I know, I know, I'm just yammering away here. Mostly because we just found out yesterday that my mother's cancer is back. She hasn't even told her sisters yet.
But either way, I just wanted to share information about the gene mutations and the testing for anyone who may be interested in reading it and possibly getting tested. It IS a personal decision and they do recommend counseling pre and post results.
BRCA1 and BRCA2: Cancer Risk and Genetic Testing
BRCA1 and BRCA2 are human genes that belong to a class of genes known as tumor suppressors. Mutation of these genes has been linked to hereditary breast and ovarian cancer (see Question 1).

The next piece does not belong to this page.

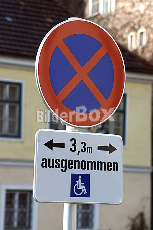 Beschreibung Behindertenparkplatz Parken,Parkplatz,Behindertenparkplatz,Parkverbot,Halteverbot,Halten verboten,Parken verboten Copyright by BilderBox; Erwin Wodicka; A- 4062 Thening; Jänner 2000
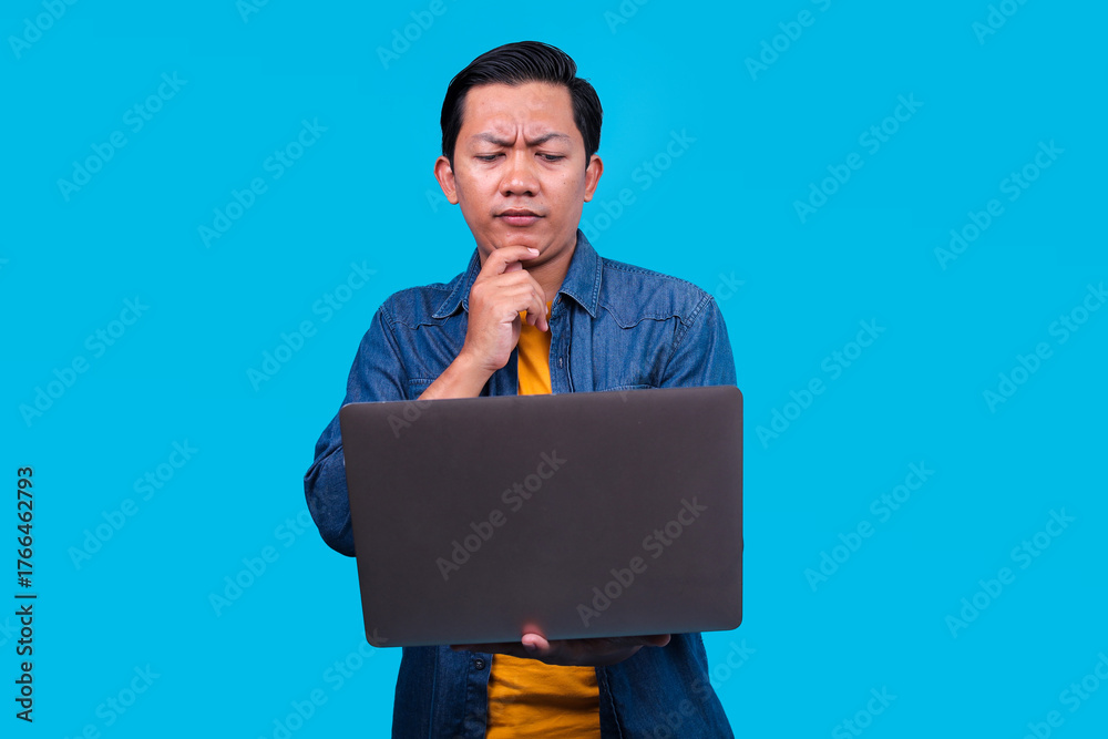 Pensive Young Asian Man Using Laptop Computer And Thinking Deeply Isolated On Blue Background

A woman's risk of developing breast and/or ovarian cancer is greatly increased if she inherits a deleterious (harmful) BRCA1 or BRCA2 mutation. Men with these mutations also have an increased risk of breast cancer. Both men and women who have harmful BRCA1 or BRCA2 mutations may be at increased risk of other cancers (see Question 2).
Genetic tests are available to check for BRCA1 and BRCA2 mutations. A blood sample is required for these tests, and genetic counseling is recommended before and after the tests (see Question 5).
If a harmful BRCA1 or BRCA2 mutation is found, several options are available to help a person manage their cancer risk (see Question 11).
Federal and state laws help ensure the privacy of a person’s genetic information and provide protection against discrimination in health insurance and employment practices (see Questions 14 and 15).
Many research studies are being conducted to find newer and better ways of detecting, treating, and preventing cancer in BRCA1 and BRCA2 mutation carriers. Additional studies are focused on improving genetic counseling methods and outcomes. Our knowledge in these areas is evolving rapidly (see Question 18).